• Exercise requirements:
Looking at the listing below, retype exactly the lines starting at the one containing "## **四、入侵防范** ###" and ending at the one containing "Crockid, сеть магазинов", both included, and nothing else.

*** Record extracts ***

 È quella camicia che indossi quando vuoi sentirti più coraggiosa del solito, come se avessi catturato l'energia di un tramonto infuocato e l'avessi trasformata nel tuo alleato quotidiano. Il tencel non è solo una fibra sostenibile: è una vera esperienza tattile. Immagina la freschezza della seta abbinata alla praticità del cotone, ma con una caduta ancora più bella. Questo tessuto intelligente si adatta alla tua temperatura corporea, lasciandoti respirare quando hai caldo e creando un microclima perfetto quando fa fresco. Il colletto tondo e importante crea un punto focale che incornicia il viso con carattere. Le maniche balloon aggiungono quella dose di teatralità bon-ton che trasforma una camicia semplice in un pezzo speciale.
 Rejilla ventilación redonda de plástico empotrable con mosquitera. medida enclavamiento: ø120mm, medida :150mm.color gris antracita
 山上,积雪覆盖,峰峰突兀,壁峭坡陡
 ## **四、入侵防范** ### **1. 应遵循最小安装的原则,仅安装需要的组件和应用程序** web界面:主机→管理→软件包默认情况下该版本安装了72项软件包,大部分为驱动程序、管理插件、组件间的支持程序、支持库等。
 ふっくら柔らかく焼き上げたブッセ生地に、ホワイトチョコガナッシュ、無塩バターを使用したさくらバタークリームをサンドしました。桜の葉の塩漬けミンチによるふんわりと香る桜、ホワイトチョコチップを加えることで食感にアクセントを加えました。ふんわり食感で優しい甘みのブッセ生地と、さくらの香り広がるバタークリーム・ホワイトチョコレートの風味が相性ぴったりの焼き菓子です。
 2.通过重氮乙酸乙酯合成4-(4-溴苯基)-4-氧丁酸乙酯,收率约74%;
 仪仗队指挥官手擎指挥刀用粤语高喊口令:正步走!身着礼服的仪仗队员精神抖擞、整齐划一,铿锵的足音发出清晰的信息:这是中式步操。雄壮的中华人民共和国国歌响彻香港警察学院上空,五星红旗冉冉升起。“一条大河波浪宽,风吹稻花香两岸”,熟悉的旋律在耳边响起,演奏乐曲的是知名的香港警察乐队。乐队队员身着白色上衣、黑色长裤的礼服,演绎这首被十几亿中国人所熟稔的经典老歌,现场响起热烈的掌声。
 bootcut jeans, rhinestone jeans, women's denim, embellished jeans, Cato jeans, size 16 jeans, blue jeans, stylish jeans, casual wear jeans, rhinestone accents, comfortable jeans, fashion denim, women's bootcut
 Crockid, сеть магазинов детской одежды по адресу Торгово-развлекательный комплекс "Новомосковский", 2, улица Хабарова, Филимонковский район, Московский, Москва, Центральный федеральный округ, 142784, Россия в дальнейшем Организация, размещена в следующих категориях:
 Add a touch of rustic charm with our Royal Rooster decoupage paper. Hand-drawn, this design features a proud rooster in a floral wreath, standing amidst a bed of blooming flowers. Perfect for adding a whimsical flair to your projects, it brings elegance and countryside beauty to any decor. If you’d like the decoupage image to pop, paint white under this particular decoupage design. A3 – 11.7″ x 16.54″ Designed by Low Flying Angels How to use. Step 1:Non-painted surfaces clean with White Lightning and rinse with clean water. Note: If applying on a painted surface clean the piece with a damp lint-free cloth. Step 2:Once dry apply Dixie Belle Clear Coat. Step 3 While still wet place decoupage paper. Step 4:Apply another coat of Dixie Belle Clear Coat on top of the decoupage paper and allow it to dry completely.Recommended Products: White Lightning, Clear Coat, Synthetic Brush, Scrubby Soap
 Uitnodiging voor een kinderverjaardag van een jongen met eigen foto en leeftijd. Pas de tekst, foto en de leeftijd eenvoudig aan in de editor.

*** End of Record extracts ***
*** Record extracts ***

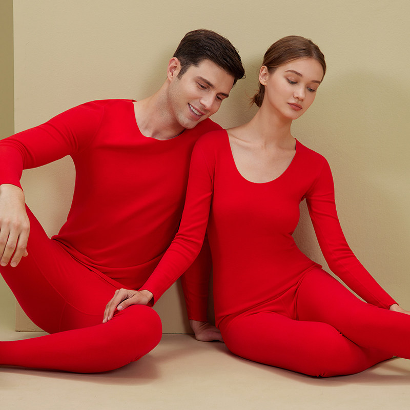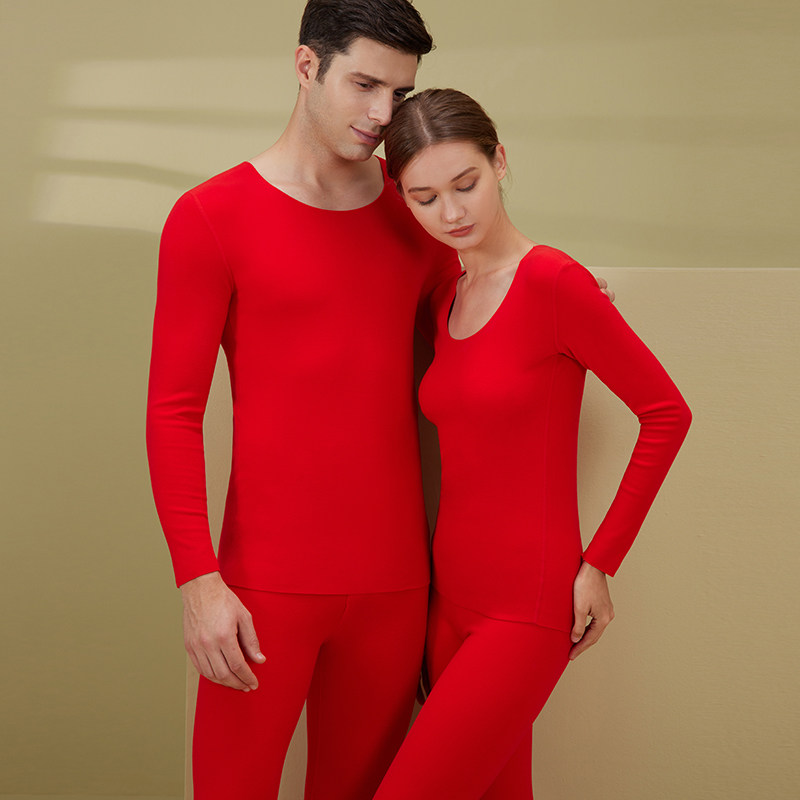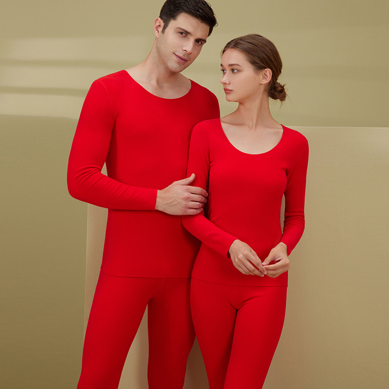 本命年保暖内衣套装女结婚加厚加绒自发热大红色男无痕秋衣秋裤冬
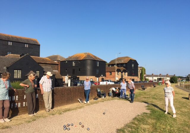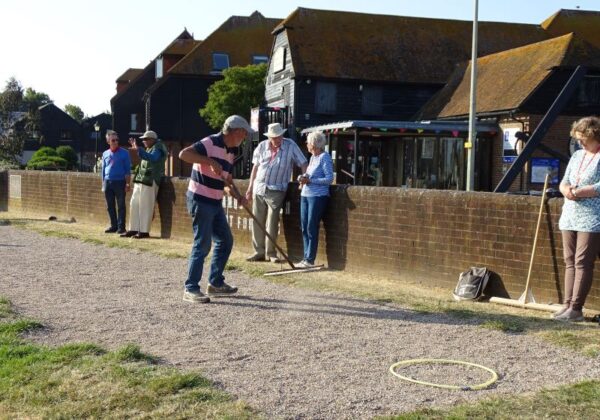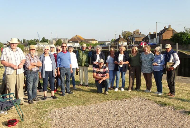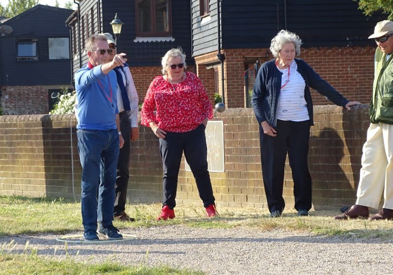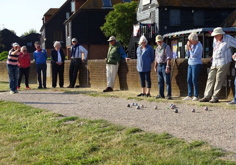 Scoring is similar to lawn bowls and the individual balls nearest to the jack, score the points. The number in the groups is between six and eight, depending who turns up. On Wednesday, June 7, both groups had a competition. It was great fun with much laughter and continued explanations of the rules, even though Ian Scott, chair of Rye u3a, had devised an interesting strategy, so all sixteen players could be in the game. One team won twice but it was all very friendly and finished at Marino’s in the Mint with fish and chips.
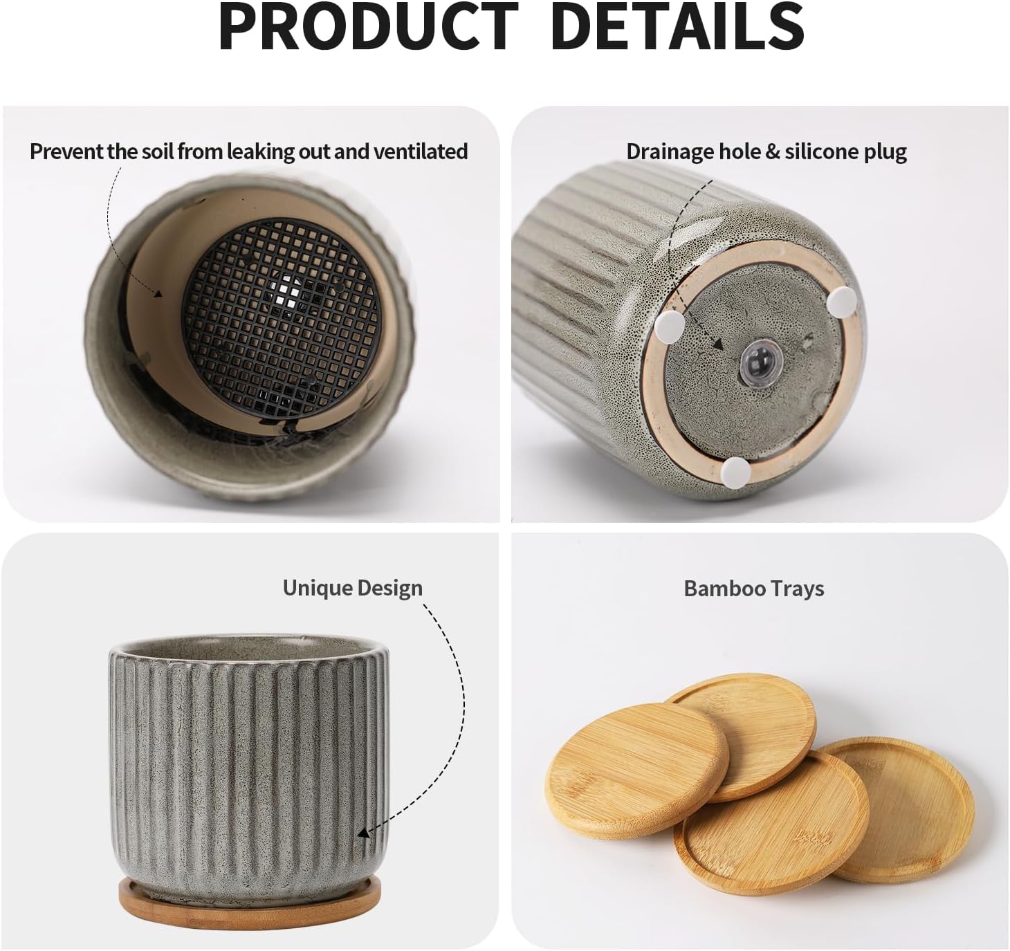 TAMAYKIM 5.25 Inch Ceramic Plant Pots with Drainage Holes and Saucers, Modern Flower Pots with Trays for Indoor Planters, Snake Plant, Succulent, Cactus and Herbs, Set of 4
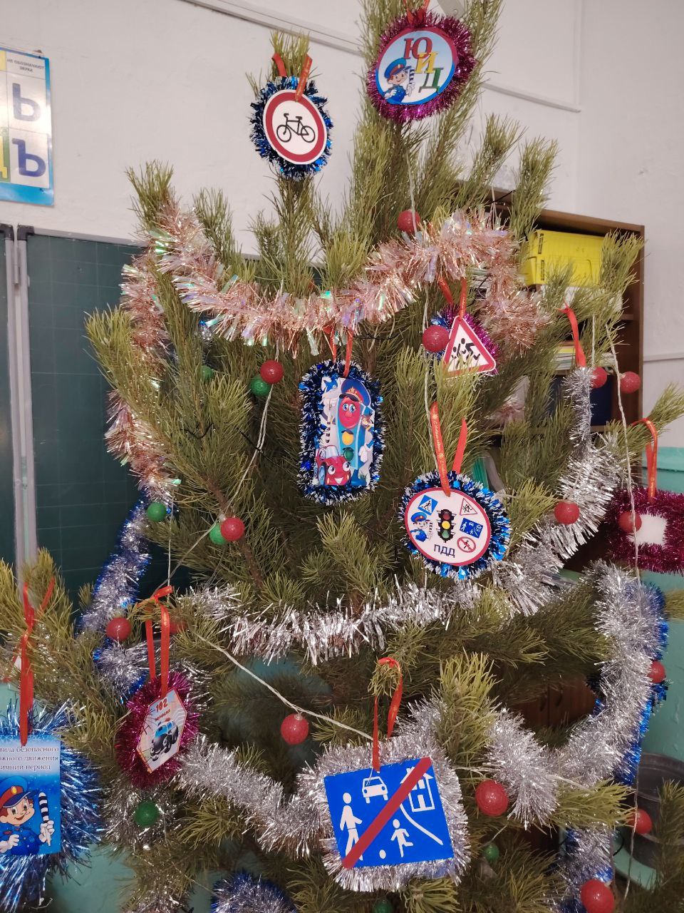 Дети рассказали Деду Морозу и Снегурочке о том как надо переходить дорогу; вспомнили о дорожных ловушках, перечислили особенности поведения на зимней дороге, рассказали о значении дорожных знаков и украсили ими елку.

*** End of Record extracts ***

• Output:
 ## **四、入侵防范** ### **1. 应遵循最小安装的原则,仅安装需要的组件和应用程序** web界面:主机→管理→软件包默认情况下该版本安装了72项软件包,大部分为驱动程序、管理插件、组件间的支持程序、支持库等。
 ふっくら柔らかく焼き上げたブッセ生地に、ホワイトチョコガナッシュ、無塩バターを使用したさくらバタークリームをサンドしました。桜の葉の塩漬けミンチによるふんわりと香る桜、ホワイトチョコチップを加えることで食感にアクセントを加えました。ふんわり食感で優しい甘みのブッセ生地と、さくらの香り広がるバタークリーム・ホワイトチョコレートの風味が相性ぴったりの焼き菓子です。
 2.通过重氮乙酸乙酯合成4-(4-溴苯基)-4-氧丁酸乙酯,收率约74%;
 仪仗队指挥官手擎指挥刀用粤语高喊口令:正步走!身着礼服的仪仗队员精神抖擞、整齐划一,铿锵的足音发出清晰的信息:这是中式步操。雄壮的中华人民共和国国歌响彻香港警察学院上空,五星红旗冉冉升起。“一条大河波浪宽,风吹稻花香两岸”,熟悉的旋律在耳边响起,演奏乐曲的是知名的香港警察乐队。乐队队员身着白色上衣、黑色长裤的礼服,演绎这首被十几亿中国人所熟稔的经典老歌,现场响起热烈的掌声。
 bootcut jeans, rhinestone jeans, women's denim, embellished jeans, Cato jeans, size 16 jeans, blue jeans, stylish jeans, casual wear jeans, rhinestone accents, comfortable jeans, fashion denim, women's bootcut
 Crockid, сеть магазинов детской одежды по адресу Торгово-развлекательный комплекс "Новомосковский", 2, улица Хабарова, Филимонковский район, Московский, Москва, Центральный федеральный округ, 142784, Россия в дальнейшем Организация, размещена в следующих категориях:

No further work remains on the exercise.